Published: by Absolutely Recipes, in the recipes category.
1 cup butter, cubed
1/2 cup 2% milk
3 large egg yolks, room temperature, beaten
2 packages (1/4 ounce each) active dry yeast
1/4 cup warm water (110 degrees to 115 degrees)
2-1/2 cups all-purpose flour
1 TBSP sugar
1/4 TSP salt
FILLING:
2 cups ground walnuts
2 cups chopped dates
1/4 cup 2% milk
3 TBSPs plus 1 cup sugar, divided
1/2 TSP ground cinnamon
3 large egg whites, room temperature
Confectioners' sugar, optional
In a small saucepan, melt butter with the milk; cool.
Stir in egg yolks until blended.
In a small bowl, dissolve yeast in warm water.
In a large bowl, combine the flour, sugar and salt; add butter mixture and yeast mixture.
Beat on medium speed for 3 minutes (dough will be sticky).

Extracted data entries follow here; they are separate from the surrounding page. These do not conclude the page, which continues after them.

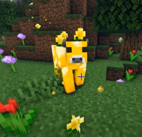 Следующий моб на очереди – цветочная корова. Это желтая коровка, покрытая одуванчиками (это тот самый моб, которого хотели добавить в официальную игру, если бы он победил на голосовании). От цветочной коровы исходят желтые частицы, которые со временем пропадают. Данный вид коровы обитает везде, где есть одуванчики, к слову, они любят их есть и потом спавнить вокруг себя. Размножаются и лечатся цветочные коровы с помощью ванильного золотого яблока, которое создается с помощью обычного красного яблока, а также золотых самородков.
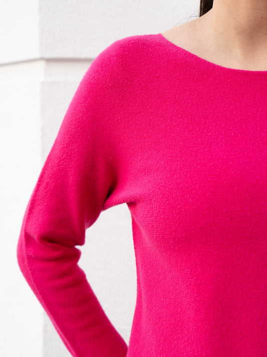 Jersey recto sin costuras cuello barco rosa fuerte
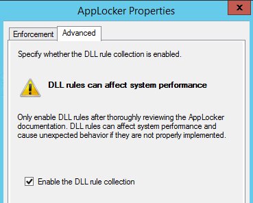 To all the sysadmins out there maintaining AppLocker. It DOES NOT affect performance to turn on DLL rule collection. Be smart, TURN ON DLL rules and whitelist them. Just do it!
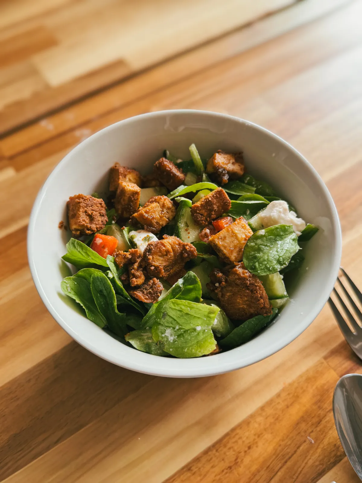 Für den Gartensalat gibt es gerade Nüsschen — das Zeug wächst hartnäckig und verlässlich, wenn vieles andere noch schläft. Mit gebratenem Tofu, Champignons, veganem Feta, Gurke und Tomate wird daraus etwas, das köstlich frisch schmeckt und schon jetzt Lust auf den Sommer macht.
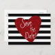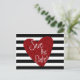 Tarjeta postal de corazón de purpurina roja con rayas negras y blancas. Personaliza con cualquier texto para cualquier evento.
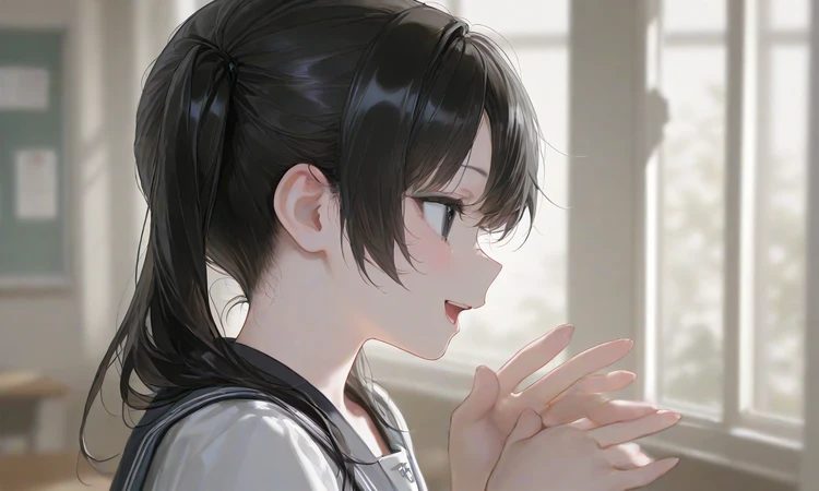 유민경은 오늘도 등교하고 친구들과 수다를 떤다.
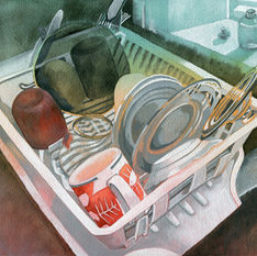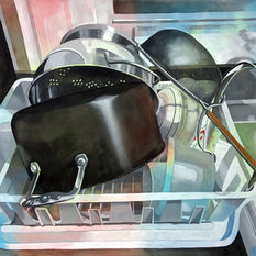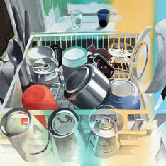 The repetitive, meditative quality of some household tasks is not a far stretch from the actual activity of painting the scene. There is enjoyment in bringing order, even harmony, to a random arrangement of objects, shapes and colors. The drama and tension between flat shapes, lines of perspective, light and shadow and color are all played out on the picture plane.

Cover and refrigerate overnight.
In a small saucepan over medium heat, combine the nuts, dates, milk, 3 TBSPs sugar and cinnamon.
Cook and stir until mixture forms a paste.
Transfer to a large bowl.
In a small bowl, beat egg whites until soft peaks form.
Gradually beat in remaining sugar, 1 TBSP at a time, on high until stiff peaks form.
Fold into nut mixture.
Cut dough in half; on a floured surface, roll 1 portion into a 20-inch square.
Spread with half of the filling.
Roll up tightly jelly-roll style.
Place, seam side up, in a greased 10" tube pan.
Repeat with second portion; place, seam side down, over the first roll-up in the pan (layers will bake as 1 loaf).
Bake at 350 degrees until golden brown, 60-70 minutes.
Cool for 10 minutes before removing from pan to a wire rack to cool completely.
If desired, sprinkle with confectioners' sugar.